I doubted anyone had learned of our windfall and bugged my mother's phone. "Okay, Mom. This certainly is good news. We'll talk more about it when I get home."

I did tell Eugene. "That's amazing!" he said, his voice full of excitement as he began speaking rapidly. "You should go back to this lady. The next time I come to New York, I want to go. Do you mind if I tell Dad? Maybe she could help him find money."

It was sweet the way Eugene wanted to help his father, but I doubted my ex-husband had any money he didn't know about. Allan was constantly in debt, and the news of our good fortune might make him feel envious. "Better not say anything for now."

We celebrated in a fancy Chinese restaurant in downtown San Fransisco.
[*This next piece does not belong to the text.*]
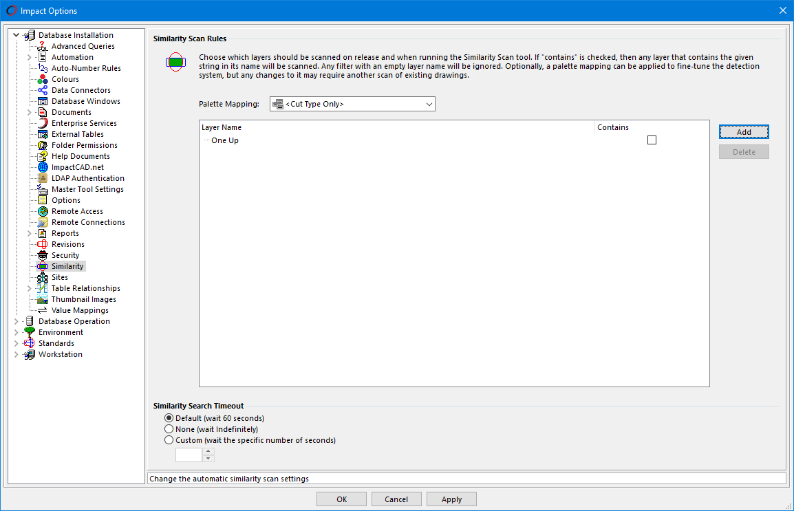 Here, you can define some options for the Similarity Scan tool. These include defining which palettes will be considered for similarity shape profiles and which layers should be searched for profiles. You can also set the search timeout value.

The next day I bought him a stereo for his room, an Olympus automatic zoom camera for myself, and a new late model Walkman for Nancy. Thank you Daddy.

I returned home late Saturday night. Sunday morning, before going to the store, I stopped off at my mother's apartment, so I could look at the cash for myself. Rose was extremely proud of her discovery. Her detective work had paid off--big-time. She took me into her bedroom, and ceremoniously fetched a hat-box from the closet removing the top carefully, then extricating a towel wrapped package. Gingerly, she unwrapped the towel which covered a plastic bag housing the now famous sock box. Inside, I found two envelopes. One envelope contained twenty thousand dollars neatly organized in packs of ten one-hundred dollar bills stapled together in the left-hand corner. The second envelope housed the checks and the remaining twenty-eight hundred dollars in assorted bills of different denominations.
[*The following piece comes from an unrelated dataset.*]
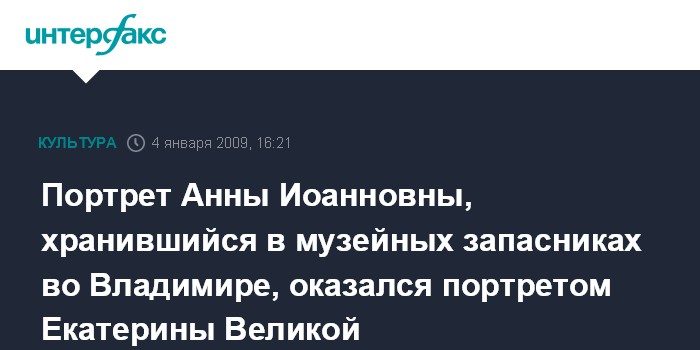 Москва. 4 января. INTERFAX.RU - Портрет российской императрицы Анны Иоанновны, хранившийся в фондах Владимиро-Суздальского музея-заповедника, как оказалось, изображает другую российскую самодержицу - Екатерину II Великую.

I caressed the bills lovingly. "Let's split the twenty-eight hundred and hold on to the rest." I told her about the presents I'd bought for Eugene and Nancy.
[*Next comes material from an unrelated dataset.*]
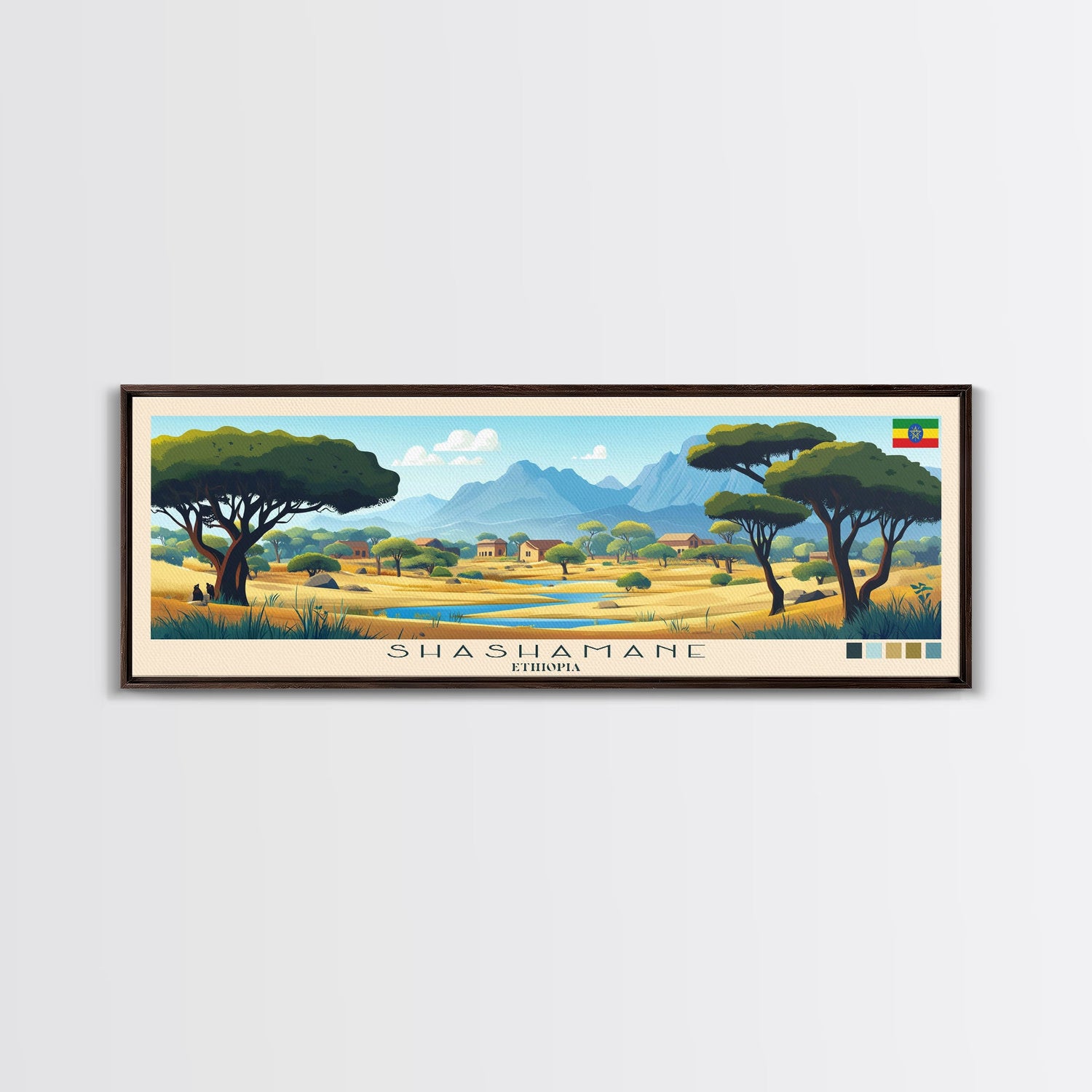 Shashamane, Ethiopia Travel Poster Panoramic Canvas Print, Shashamane, Ethiopia Painting, Ethiopia Art, Shashamane Travel Art, Guest Room Painting

"Buy yourself a gift," I urged. "Treat yourself to something you might otherwise hesitate to spend a lot of money on." I pushed bunches of bills toward her. "Go ahead."

My mother sighed. "It's too late for me."

"What do you mean?"

"Years ago when I wanted to spend money, to buy nice things, your Daddy never gave me enough. Fifty dollars a week for the table, that was it. I had to beg for anything else."

"So now's your chance, Mom. Buy a fur coat, jewelry, whatever you want."

"It's too late," she repeated. There's a time for everything. When I had desire, I didn't have money. Now that I have the money, I don't have the desire." She smoothed and straightened several of the bills, sighing.

"Well, I'm taking fourteen hundred," I announced, fearful she would impose her lack of desire on me. "You can do what you want, but I think you should take it too. How about a new television set? Or maybe a new air conditioner? Or both?"

"I'll see."

We opened a safe deposit box to house the twenty-thousand, and decided to discard the checks. It was too late to deposit them without arousing suspicion, and we could certainly afford to relinquish the $120.

The more I thought about it, the more clear it became that finding the money was a sign my father wanted me to have his store. That it was my mother who found the money was as irrelevant as the fact it was she who had always done the cleaning and cooking. The way I saw it, my father wanted Universal Hosiery to go on and approved of my running it. And so it was settled. The store would continue.